The study shows that during winter – with a seawater temperature of only 3.7°C – it can produce up to 60W/m2 of heat energy to nearby coastal properties. The amount required to heat an average UK home is 100W/m2. The same technology could be used to cool properties by utilising the cooler seabed temperatures to supply cold air.
The technology works by a capillary heat exchanger – featuring 4.3mm diameter capillary tubes with an internal diameter of 2.8mm – extracting heat or cooling energy from the shallows of the seabed. According to the actual conditions in coastal areas, capillaries can be assembled both horizontally and vertically, which forms a three-dimensional heat exchange network.
As part of the study, a hotel in Qingdao, China, was used to pilot test the technology. A 250m2 capillary was laid 5m deep in the shallows, 50m offshore. The total distance from the hotel to the capillary was 300m.
Tests showed that the water exiting the seabed in the capillary was heated to 40.6ºC, before it was pumped to the hotel and used to warm the air in the building.
Zhenpeng Bai, a researcher in energy saving technology from Beijing University of Technology and Zhengzhou University of Light Industry, said: “The heat capacity of the seabed is infinite – making this an extremely impressive potential source of renewable energy.
“Unlike ground-source heat pumps which can require extensive excavation work, a capillary seabed heat pump requires very little set up and causes minimal damage to the seabed.
“It can have a large heat exchanger area, is less susceptible to corrosion from seawater, is more affordable than other technologies, and does not need auxiliary equipment such as filtration and water treatment,” he added.

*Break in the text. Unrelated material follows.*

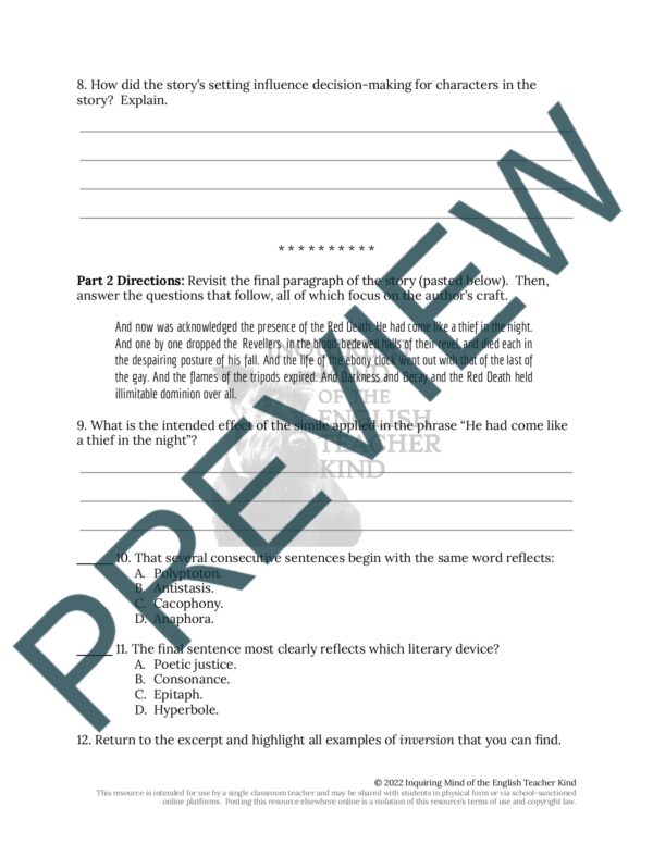 The Masque of the Red Death Quiz Poe Reading Comprehension with Answer ... Item description. This Short Story Comprehension Test Prep Quiz for the "The Masque of the Red Death" by Edgar Allan Poe uses the Common Core standards and contains QUESTIONS and ANSWERS modeled after various standardized tests. Make test prep STRESS-FREE!. WHY THIS QUIZ PACK? One of the things I struggle with the most is preparing my students for all kinds of exams that they will encounter.

“This technology has the potential to become a new and significant addition to the way in which homes around the world can reduce their carbon footprint. Due to their proportionately large coastlines, and rich sources of shallow geothermal energy in coastal areas, the UK, US and China have the potential to pioneer this under-researched renewable energy source,” said Hua Zhong, a senior lecturer and expert in applied energy and environmental engineering at NTU.